Multivariate normal distribution where the **precision** matrix `Prec` is a `SPDmatrix` (see Section \@ref(amt-SPD-matrix)). Both the argument `arg` and `mean` are vectors with dimension equal to `Prec.dim()`.

### `iid_multi_normal_prec_ld(arg,mu,Prec)`

Same as above, but `arg` is now a matrix, where the columns are iid realizations from $N(\mu,P^{-1})$, where $P=$`Prec`.

### `multi_normal_ld(arg,mu,Sigma)`

Multivariate normal distribution where the **covariance** matrix `Sigma` is a `SPDmatrix` (see Section \@ref(amt-SPD-matrix)).

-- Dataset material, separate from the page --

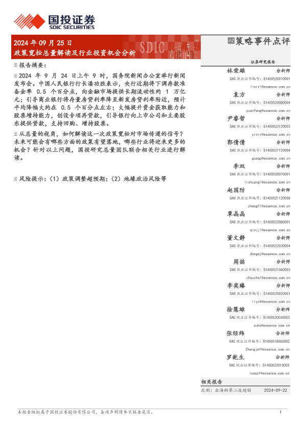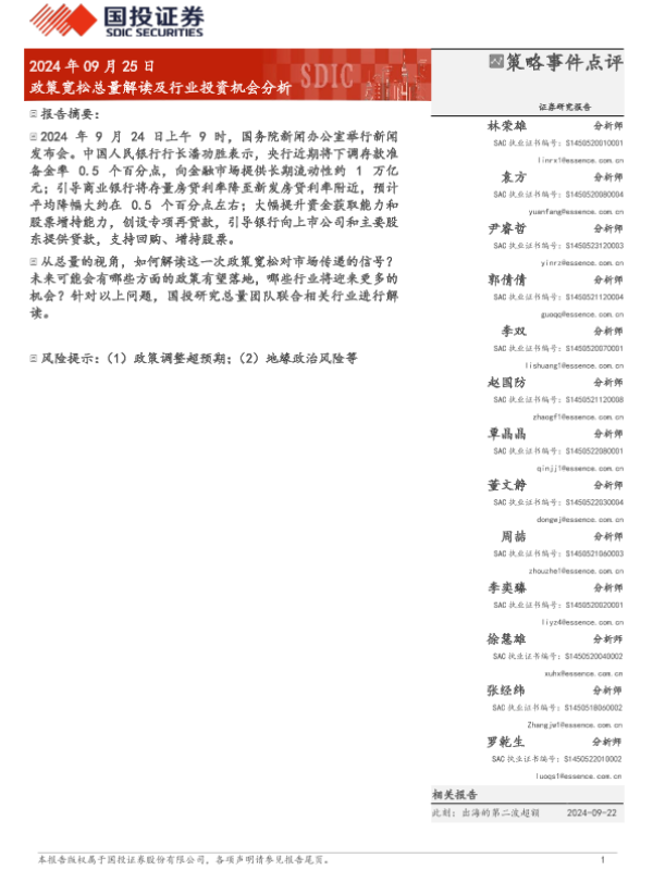 【国投证券】【20240925】策略事件点评:政策宽松总量解读及行业投资机会分析-11页

Both the argument `arg` and `mean` are vectors with dimension equal to `Sigma.dim()`.

To do: iid-variant of this.

### `normalAR1_ld(arg,mu,phi,sigma)`

Stationary Gaussian first order autoregressive process

$$
x_1 \sim N\left (\mu,\frac{\sigma^2}{1-\phi^2} \right), x_{t} = \mu + \phi ( x_{t-1}-\mu) + N(0,\sigma^2),t=2,\dots,T\;
$$
for scalar parameters $\mu$, $-1<\phi<1$ and $\sigma>0$. $\mathbf x=$`arg` is a $T$-dimensional vector.

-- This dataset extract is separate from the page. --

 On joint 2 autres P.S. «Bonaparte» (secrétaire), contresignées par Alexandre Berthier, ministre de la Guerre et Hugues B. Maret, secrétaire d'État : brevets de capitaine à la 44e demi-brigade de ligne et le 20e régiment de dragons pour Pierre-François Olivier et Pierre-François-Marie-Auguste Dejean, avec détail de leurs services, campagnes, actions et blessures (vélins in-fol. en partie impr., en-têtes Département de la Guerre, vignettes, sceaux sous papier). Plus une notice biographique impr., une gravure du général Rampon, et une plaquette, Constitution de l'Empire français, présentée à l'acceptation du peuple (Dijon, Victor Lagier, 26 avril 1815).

### `normalRW1_ld(x,sigma)`

First order (intrinsic) Gaussian random walk model:
$$
x_t \sim N(x_{t-1},\sigma^2),\; t=2,\dots,T,
$$
for $\sigma>0$. $\mathbf x=$`x` is a $T$-dimensional vector. Note that this model specifies a degenerate probability distribution, and $\mathbf x$ cannot be sampled without further conditioning.

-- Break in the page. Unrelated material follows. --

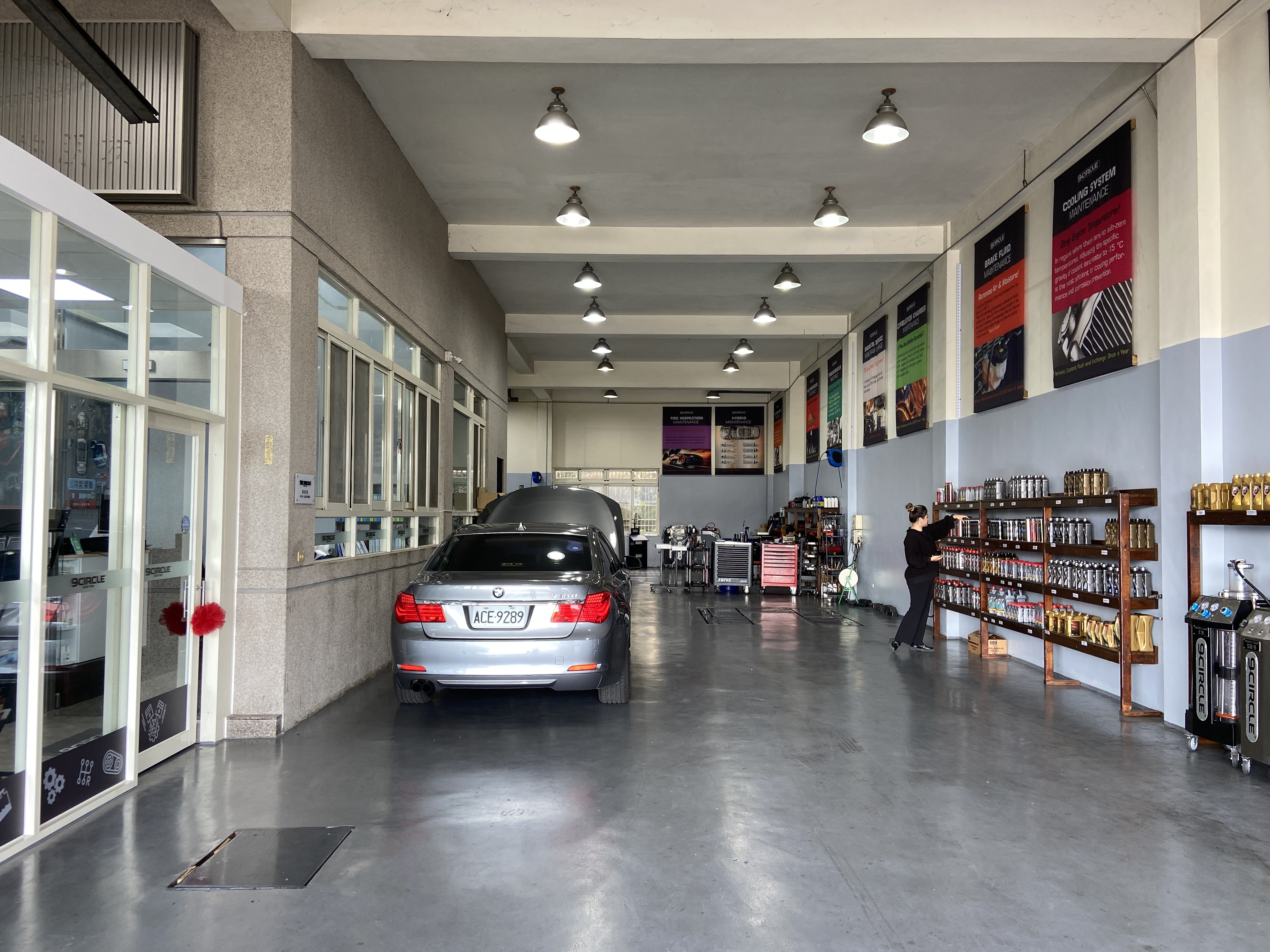 工具跟零件都收納到位,完全打破傳統保養廠油膩膩的印象

## Distributions on symmetric positive definite matrices

The notation for the Wishart distribution is $\mathcal W(\mathbf M,\nu)$ where $\mathbf M$ is the scale matrix and $\nu$ is the degrees of freedom parameter. Consequently, if $\mathbf P \sim  \mathcal W(\mathbf M,\nu)$, then $E(\mathbf P)=\nu \mathbf M$.

### `wishartDiagScale_ld(arg,scaleDiag,df)`

The Wishart distribution $\mathbf P \sim \mathcal W(\mathbf M,\nu)$ where $\mathbf P=$`arg` is a `SPDmatrix`, vector $\text{diag}(\mathbf M)$=`scaleDiag` and scalar $\nu=$`df`. 


### `wishartRW1_ld(arg,mean,nu)`

The Wishart distribution $\mathbf P \sim \mathcal W(\nu^{-1}\mathbf Q,\nu)$. $\mathbf P=$`arg` is a `SPDmatrix`, $E(\mathbf P)=\mathbf Q=$`mean` is a `SPDmatrix` and scalar $\nu=$`nu`.